--- START ---

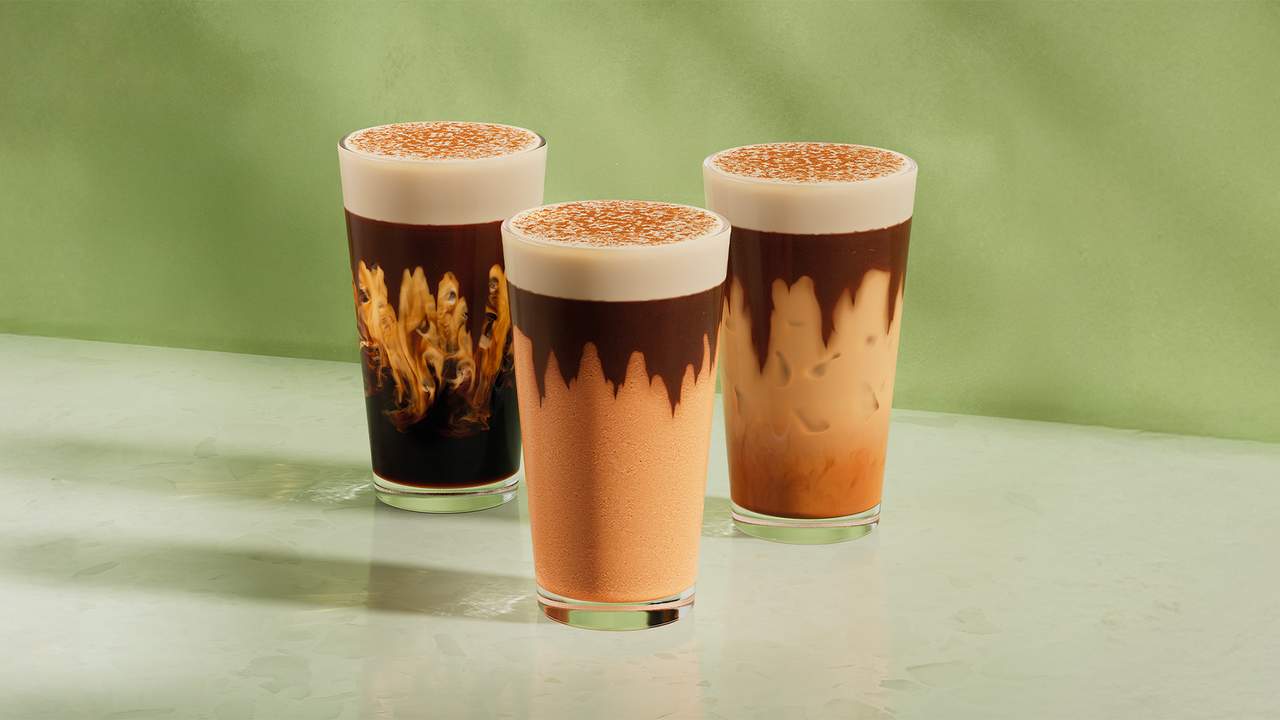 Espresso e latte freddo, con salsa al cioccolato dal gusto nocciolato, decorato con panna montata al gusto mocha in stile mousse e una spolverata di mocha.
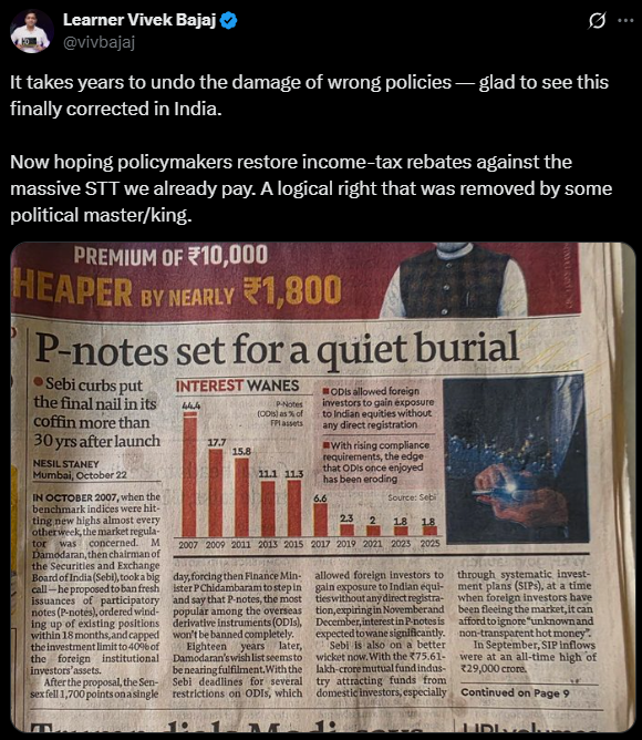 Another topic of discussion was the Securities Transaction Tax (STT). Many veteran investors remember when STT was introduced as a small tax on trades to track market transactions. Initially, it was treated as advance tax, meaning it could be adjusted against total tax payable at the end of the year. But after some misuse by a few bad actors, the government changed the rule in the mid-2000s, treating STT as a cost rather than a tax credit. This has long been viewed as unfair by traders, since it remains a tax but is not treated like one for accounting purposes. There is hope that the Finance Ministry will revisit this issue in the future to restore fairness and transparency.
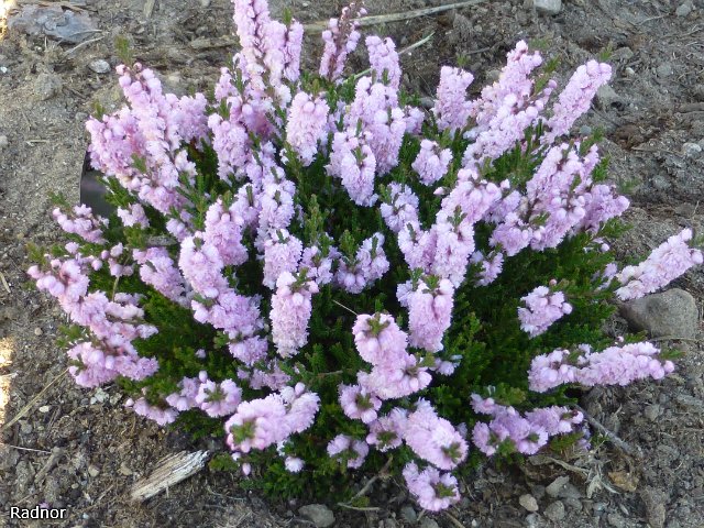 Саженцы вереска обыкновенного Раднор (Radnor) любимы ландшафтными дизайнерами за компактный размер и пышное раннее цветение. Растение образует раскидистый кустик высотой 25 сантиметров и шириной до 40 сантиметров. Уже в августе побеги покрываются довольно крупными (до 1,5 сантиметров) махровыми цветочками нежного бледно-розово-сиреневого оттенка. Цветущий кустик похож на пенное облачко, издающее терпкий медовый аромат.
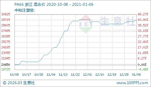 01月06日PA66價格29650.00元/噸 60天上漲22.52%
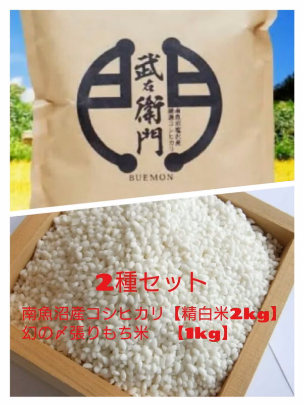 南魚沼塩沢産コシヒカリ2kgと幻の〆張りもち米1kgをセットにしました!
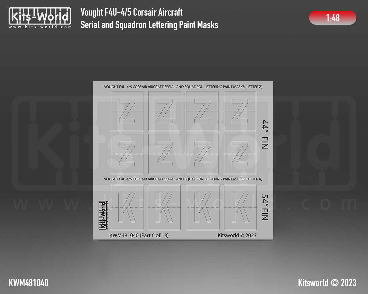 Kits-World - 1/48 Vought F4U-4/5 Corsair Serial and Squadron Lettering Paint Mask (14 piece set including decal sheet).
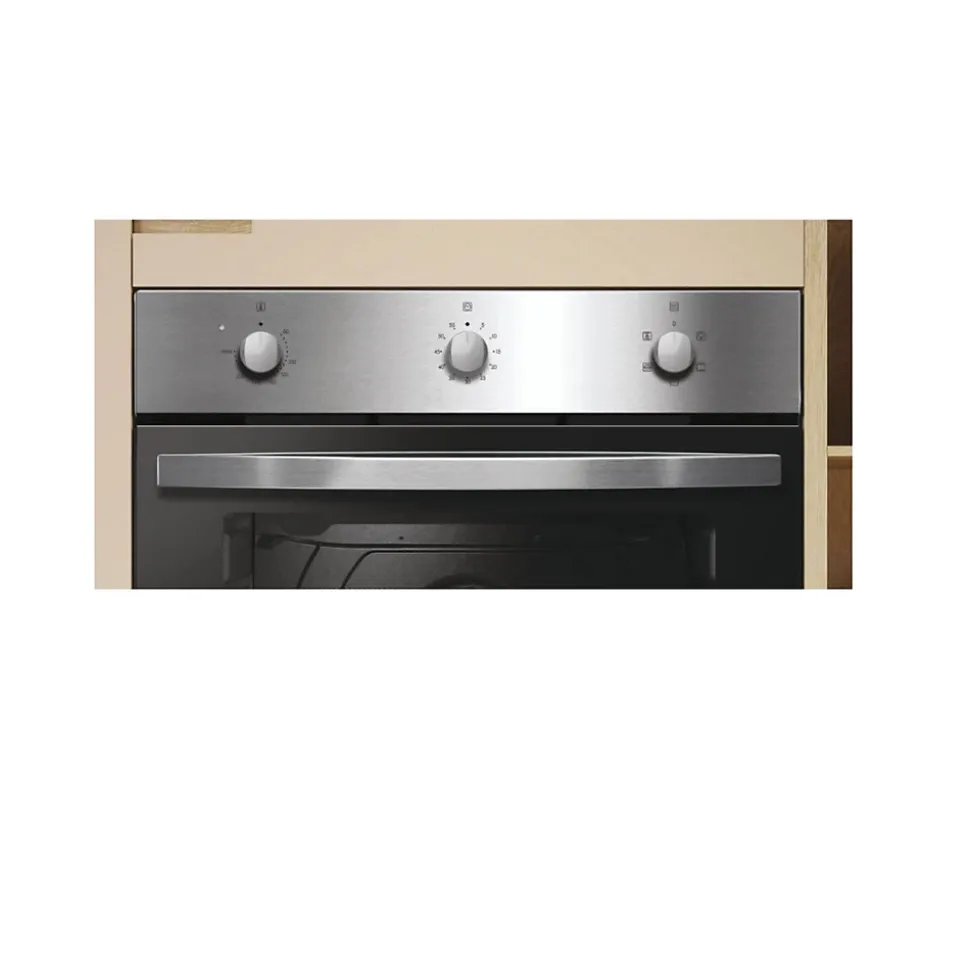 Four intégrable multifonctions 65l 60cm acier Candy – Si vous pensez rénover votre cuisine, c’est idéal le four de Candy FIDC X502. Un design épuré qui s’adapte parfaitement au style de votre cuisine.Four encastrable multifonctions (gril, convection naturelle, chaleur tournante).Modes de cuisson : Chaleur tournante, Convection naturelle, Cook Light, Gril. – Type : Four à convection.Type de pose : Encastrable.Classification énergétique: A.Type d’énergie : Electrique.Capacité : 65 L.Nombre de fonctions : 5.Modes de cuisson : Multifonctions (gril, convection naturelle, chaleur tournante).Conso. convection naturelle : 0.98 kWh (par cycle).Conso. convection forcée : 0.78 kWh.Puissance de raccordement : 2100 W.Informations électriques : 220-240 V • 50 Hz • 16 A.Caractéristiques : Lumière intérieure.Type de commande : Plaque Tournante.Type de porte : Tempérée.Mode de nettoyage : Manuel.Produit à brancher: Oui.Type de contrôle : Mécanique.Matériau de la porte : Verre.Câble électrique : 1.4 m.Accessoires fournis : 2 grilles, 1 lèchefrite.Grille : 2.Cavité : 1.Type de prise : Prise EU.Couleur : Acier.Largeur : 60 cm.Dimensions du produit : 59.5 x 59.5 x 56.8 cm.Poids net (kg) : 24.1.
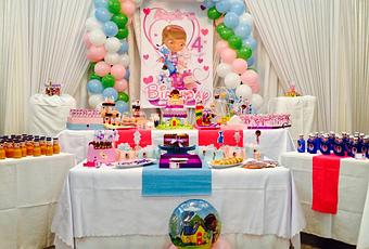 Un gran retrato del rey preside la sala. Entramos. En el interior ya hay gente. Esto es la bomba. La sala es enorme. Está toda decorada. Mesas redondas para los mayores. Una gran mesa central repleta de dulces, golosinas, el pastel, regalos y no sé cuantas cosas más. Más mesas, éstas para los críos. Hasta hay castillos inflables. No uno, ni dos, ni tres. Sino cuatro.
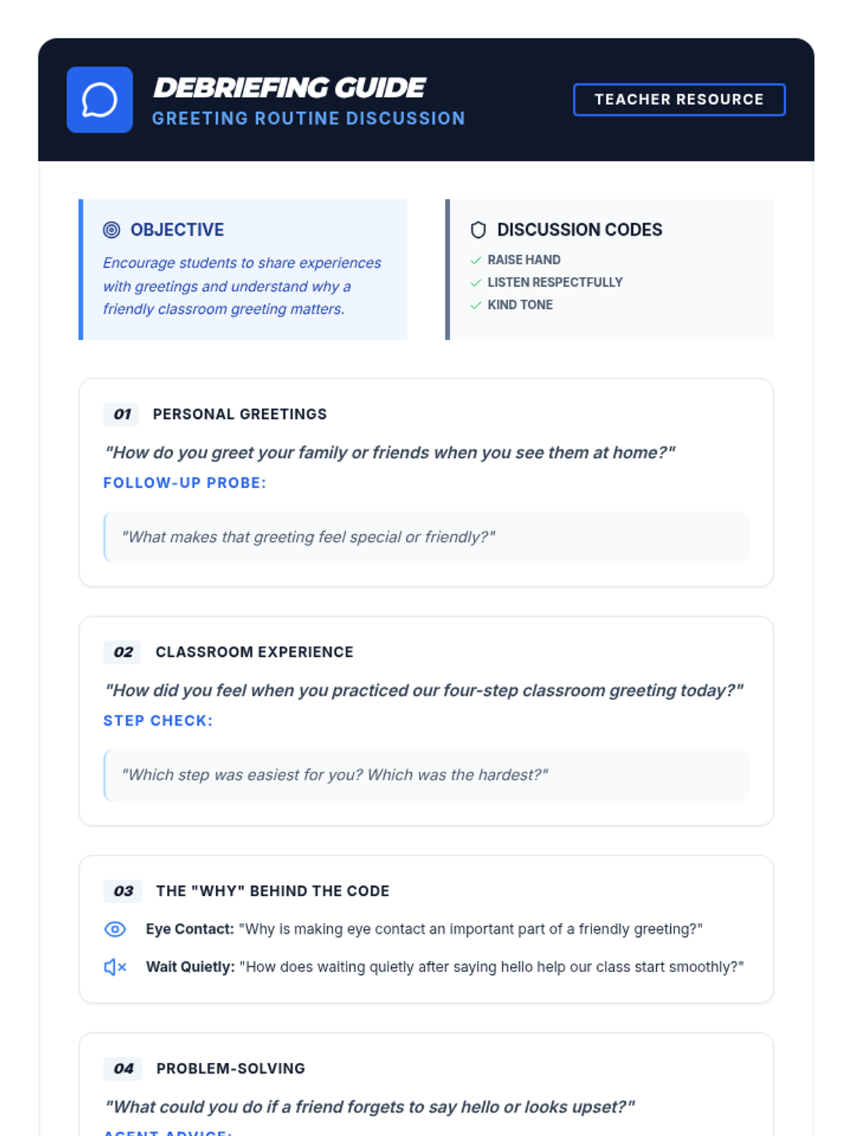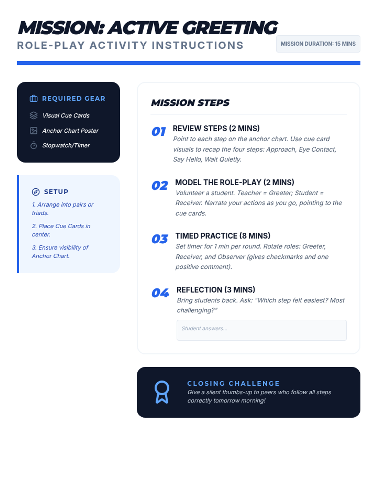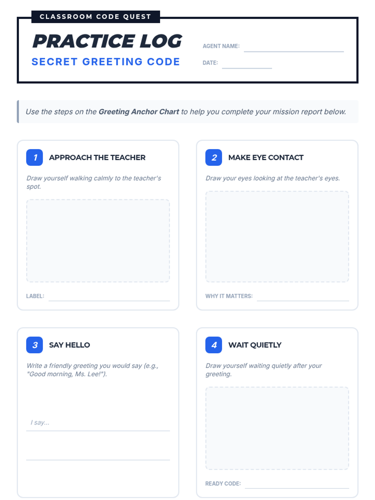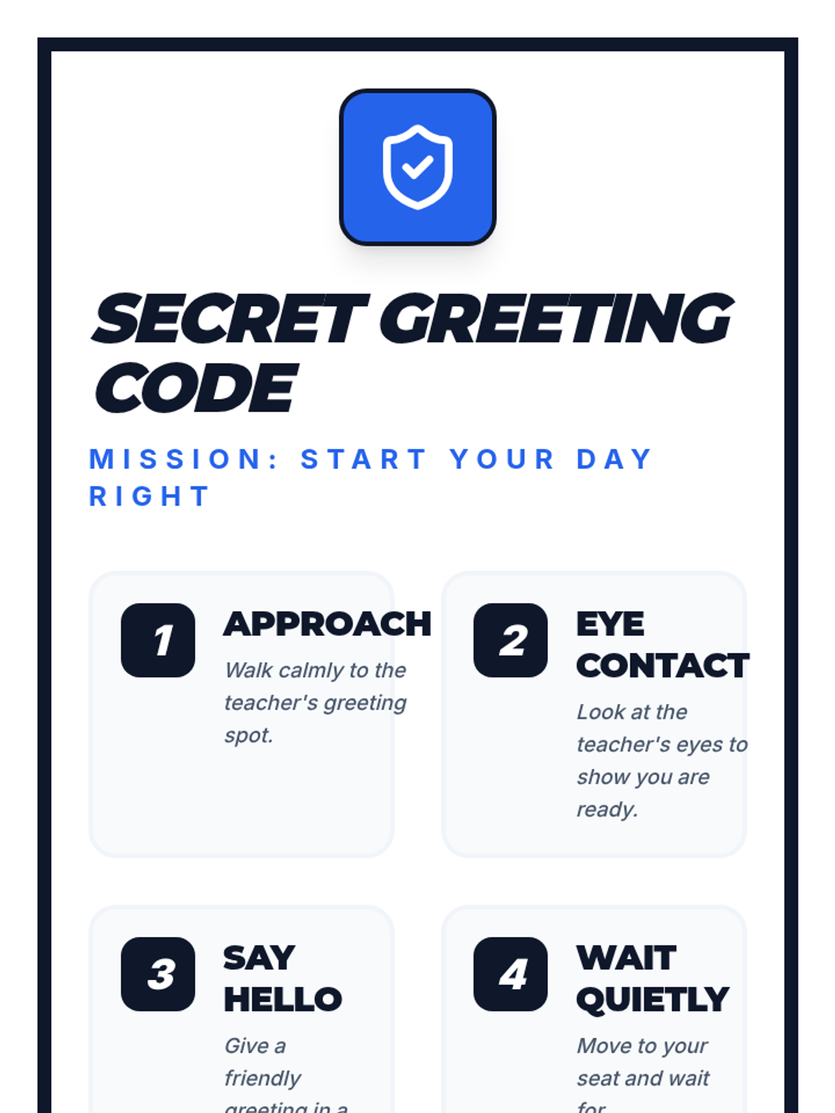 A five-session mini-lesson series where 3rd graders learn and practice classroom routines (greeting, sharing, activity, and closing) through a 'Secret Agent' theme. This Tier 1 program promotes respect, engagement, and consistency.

--- END ---

Write out the whole listing above exactly, minus images.

Exercise solution:
 Espresso e latte freddo, con salsa al cioccolato dal gusto nocciolato, decorato con panna montata al gusto mocha in stile mousse e una spolverata di mocha.
 Another topic of discussion was the Securities Transaction Tax (STT). Many veteran investors remember when STT was introduced as a small tax on trades to track market transactions. Initially, it was treated as advance tax, meaning it could be adjusted against total tax payable at the end of the year. But after some misuse by a few bad actors, the government changed the rule in the mid-2000s, treating STT as a cost rather than a tax credit. This has long been viewed as unfair by traders, since it remains a tax but is not treated like one for accounting purposes. There is hope that the Finance Ministry will revisit this issue in the future to restore fairness and transparency.
 Саженцы вереска обыкновенного Раднор (Radnor) любимы ландшафтными дизайнерами за компактный размер и пышное раннее цветение. Растение образует раскидистый кустик высотой 25 сантиметров и шириной до 40 сантиметров. Уже в августе побеги покрываются довольно крупными (до 1,5 сантиметров) махровыми цветочками нежного бледно-розово-сиреневого оттенка. Цветущий кустик похож на пенное облачко, издающее терпкий медовый аромат.
 01月06日PA66價格29650.00元/噸 60天上漲22.52%
 南魚沼塩沢産コシヒカリ2kgと幻の〆張りもち米1kgをセットにしました!
 Kits-World - 1/48 Vought F4U-4/5 Corsair Serial and Squadron Lettering Paint Mask (14 piece set including decal sheet).
 Four intégrable multifonctions 65l 60cm acier Candy – Si vous pensez rénover votre cuisine, c’est idéal le four de Candy FIDC X502. Un design épuré qui s’adapte parfaitement au style de votre cuisine.Four encastrable multifonctions (gril, convection naturelle, chaleur tournante).Modes de cuisson : Chaleur tournante, Convection naturelle, Cook Light, Gril. – Type : Four à convection.Type de pose : Encastrable.Classification énergétique: A.Type d’énergie : Electrique.Capacité : 65 L.Nombre de fonctions : 5.Modes de cuisson : Multifonctions (gril, convection naturelle, chaleur tournante).Conso. convection naturelle : 0.98 kWh (par cycle).Conso. convection forcée : 0.78 kWh.Puissance de raccordement : 2100 W.Informations électriques : 220-240 V • 50 Hz • 16 A.Caractéristiques : Lumière intérieure.Type de commande : Plaque Tournante.Type de porte : Tempérée.Mode de nettoyage : Manuel.Produit à brancher: Oui.Type de contrôle : Mécanique.Matériau de la porte : Verre.Câble électrique : 1.4 m.Accessoires fournis : 2 grilles, 1 lèchefrite.Grille : 2.Cavité : 1.Type de prise : Prise EU.Couleur : Acier.Largeur : 60 cm.Dimensions du produit : 59.5 x 59.5 x 56.8 cm.Poids net (kg) : 24.1.
 Un gran retrato del rey preside la sala. Entramos. En el interior ya hay gente. Esto es la bomba. La sala es enorme. Está toda decorada. Mesas redondas para los mayores. Una gran mesa central repleta de dulces, golosinas, el pastel, regalos y no sé cuantas cosas más. Más mesas, éstas para los críos. Hasta hay castillos inflables. No uno, ni dos, ni tres. Sino cuatro.
 A five-session mini-lesson series where 3rd graders learn and practice classroom routines (greeting, sharing, activity, and closing) through a 'Secret Agent' theme. This Tier 1 program promotes respect, engagement, and consistency.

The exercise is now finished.